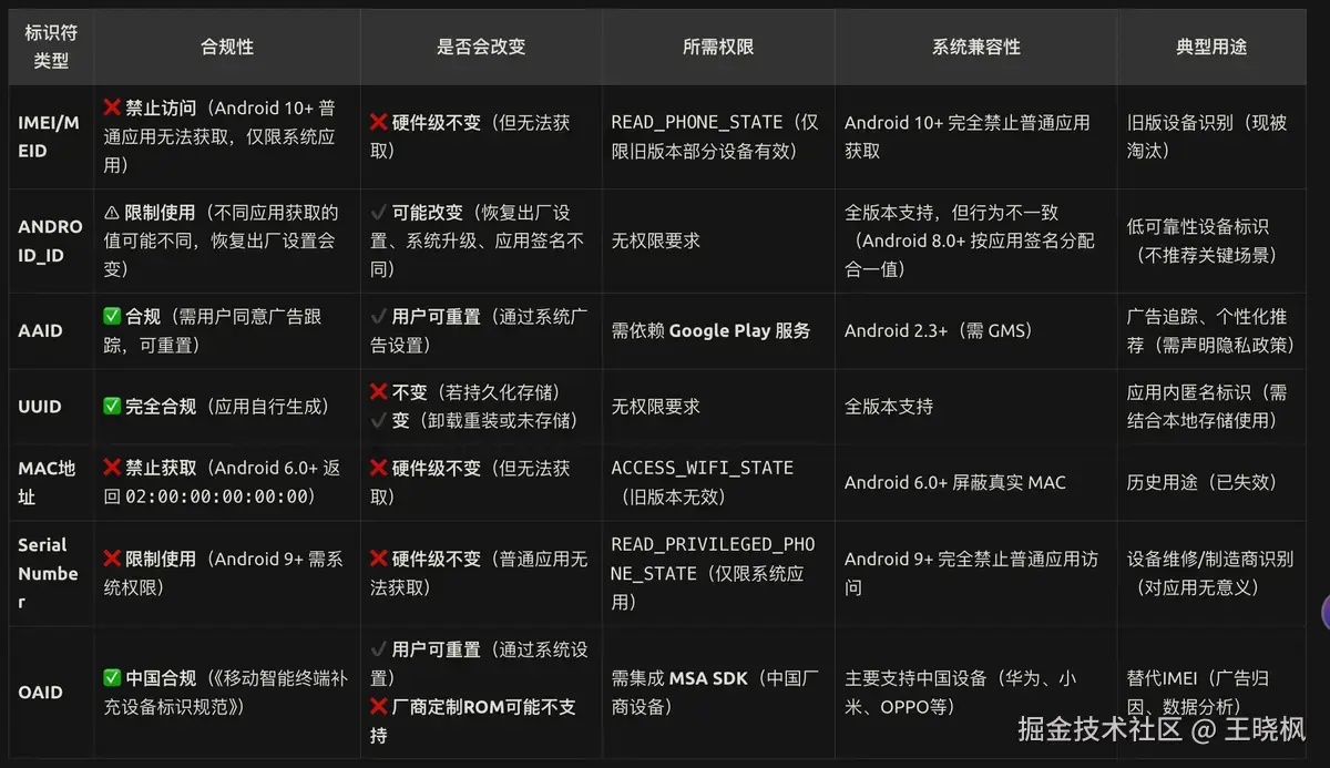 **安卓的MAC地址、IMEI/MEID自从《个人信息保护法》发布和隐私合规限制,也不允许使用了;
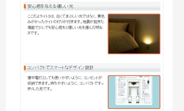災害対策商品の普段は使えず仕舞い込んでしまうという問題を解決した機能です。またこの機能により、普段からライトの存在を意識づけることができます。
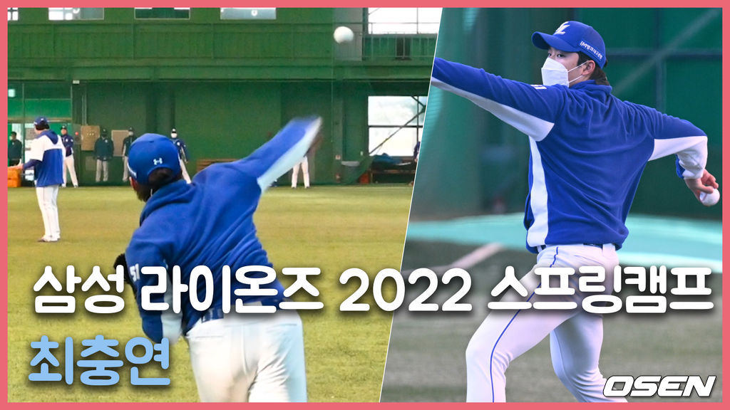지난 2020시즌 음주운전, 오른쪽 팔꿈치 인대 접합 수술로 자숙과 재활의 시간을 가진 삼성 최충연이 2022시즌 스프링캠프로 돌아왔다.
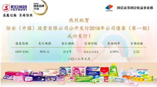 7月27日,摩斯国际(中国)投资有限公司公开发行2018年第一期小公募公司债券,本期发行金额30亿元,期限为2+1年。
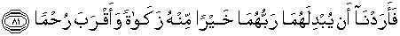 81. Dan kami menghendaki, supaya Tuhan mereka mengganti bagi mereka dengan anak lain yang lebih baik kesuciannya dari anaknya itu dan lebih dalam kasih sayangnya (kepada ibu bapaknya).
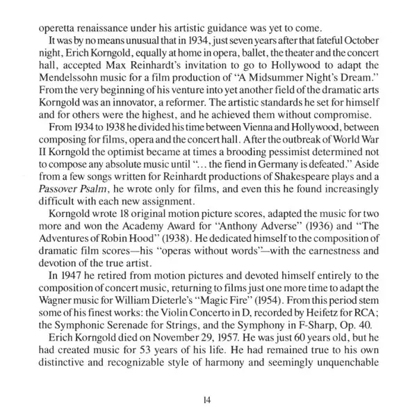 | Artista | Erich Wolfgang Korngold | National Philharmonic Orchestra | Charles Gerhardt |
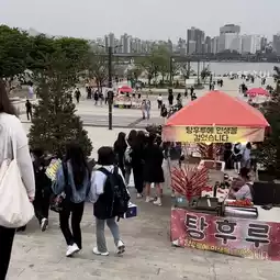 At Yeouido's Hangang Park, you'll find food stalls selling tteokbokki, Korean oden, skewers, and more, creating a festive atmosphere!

☆ ☆ ☆ ☆

**WHAT YOU SHOULD DO**
Return every record exactly. Pictures stay out.

**FINISHED EXERCISE**
 **安卓的MAC地址、IMEI/MEID自从《个人信息保护法》发布和隐私合规限制,也不允许使用了;
災害対策商品の普段は使えず仕舞い込んでしまうという問題を解決した機能です。またこの機能により、普段からライトの存在を意識づけることができます。
지난 2020시즌 음주운전, 오른쪽 팔꿈치 인대 접합 수술로 자숙과 재활의 시간을 가진 삼성 최충연이 2022시즌 스프링캠프로 돌아왔다.
 7月27日,摩斯国际(中国)投资有限公司公开发行2018年第一期小公募公司债券,本期发行金额30亿元,期限为2+1年。
 81. Dan kami menghendaki, supaya Tuhan mereka mengganti bagi mereka dengan anak lain yang lebih baik kesuciannya dari anaknya itu dan lebih dalam kasih sayangnya (kepada ibu bapaknya).
 | Artista | Erich Wolfgang Korngold | National Philharmonic Orchestra | Charles Gerhardt |
 At Yeouido's Hangang Park, you'll find food stalls selling tteokbokki, Korean oden, skewers, and more, creating a festive atmosphere!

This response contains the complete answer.